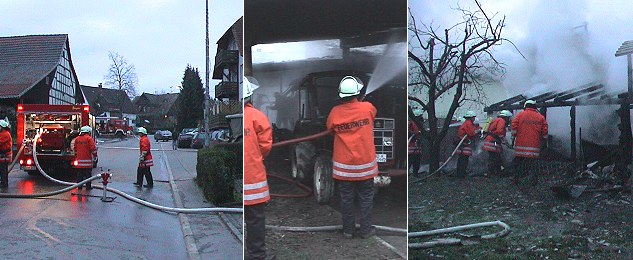 Lagerschuppen brannte (Fotos:Richter)(hr) Erheblicher Sachschaden entstand heute Morgen bei einem Brand in Schönbrunn. Auf dem Anwesen einer Bäckerei in der Hauptstraße war gegen 5.30 Uhr aus noch ungeklärter Ursache in einem Nebengebäude mit Garage und Materiallager ein Feuer ausgebrochen.
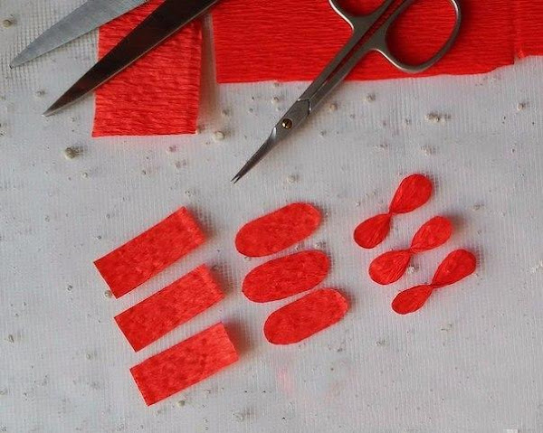 2.-Corta 3x5 cm de papel crepe ( estos serán pequeños rectángulos). Para hacer una flor, solo corta 3 piezas de este papel.
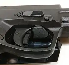 The pistol has a multi-stage safety system consisting of two automatic internal safeties, two external trigger safeties and a manual lock safety.[1] The first external trigger safety acts as the primary fail-safe. A small, spring-loaded inner trigger is housed in a wide, outer trigger and cannot be actuated unless the inset trigger is depressed first.[1] This keeps the trigger from being pulled by an inadvertent off-angle trigger pull. This trigger safety also activates and when released—deactivates the two internal safeties: the firing pin and drop safety. The firing pin safety is contained in the pistol's slide and blocks the longitudinal movement of the striker.[1] The second trigger safety is an optional, manually operated plastic bar located inside the trigger guard and projecting out from the base of the pistol's frame when activated, revealing a small white dot. This indicates that the pistol is currently incapable of being fired. It is used as an additional safety that disables the trigger with the firing pin spring cocked (after reloading the pistol). This safety is engaged by simultaneously pushing in two buttons on both sides of the frame and then deactivated by simply lifting the trigger finger and pushing the bar up and into the pistol's frame, thus allowing the trigger to be pulled back and the weapon fired.[5]
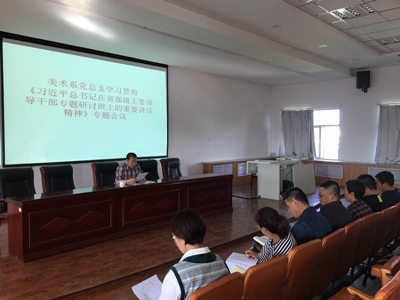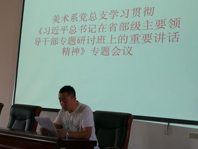 2017年9月21日下午,美术系党总支召开中心组(扩大)会议,专题学习了习近平总书记7月26日在省部级主要领导干部专题研讨班开班仪式上的重要讲话精神。会议由美术系党总支副书记包旭东主持。
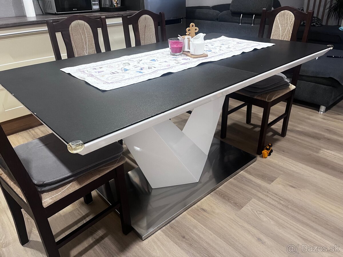 Kuchynsky stol a 4 stolicky - [29.11. 2025]Stôl je velmi zachovalom vstave, je rozkladaci v zlozenom stave ma dlhku 150 a v rozlozenom 220 cm vyska dtola je 74cm. Dohoda mozna

------------------------------------------------------------------------

(What you are asked to do) Skip the pictures. Write out exactly the lines from the one with "2017年9月21日下午,美" through the last line of the listing, both ends included, and nothing more.

(Result)
 2017年9月21日下午,美术系党总支召开中心组(扩大)会议,专题学习了习近平总书记7月26日在省部级主要领导干部专题研讨班开班仪式上的重要讲话精神。会议由美术系党总支副书记包旭东主持。
 Kuchynsky stol a 4 stolicky - [29.11. 2025]Stôl je velmi zachovalom vstave, je rozkladaci v zlozenom stave ma dlhku 150 a v rozlozenom 220 cm vyska dtola je 74cm. Dohoda mozna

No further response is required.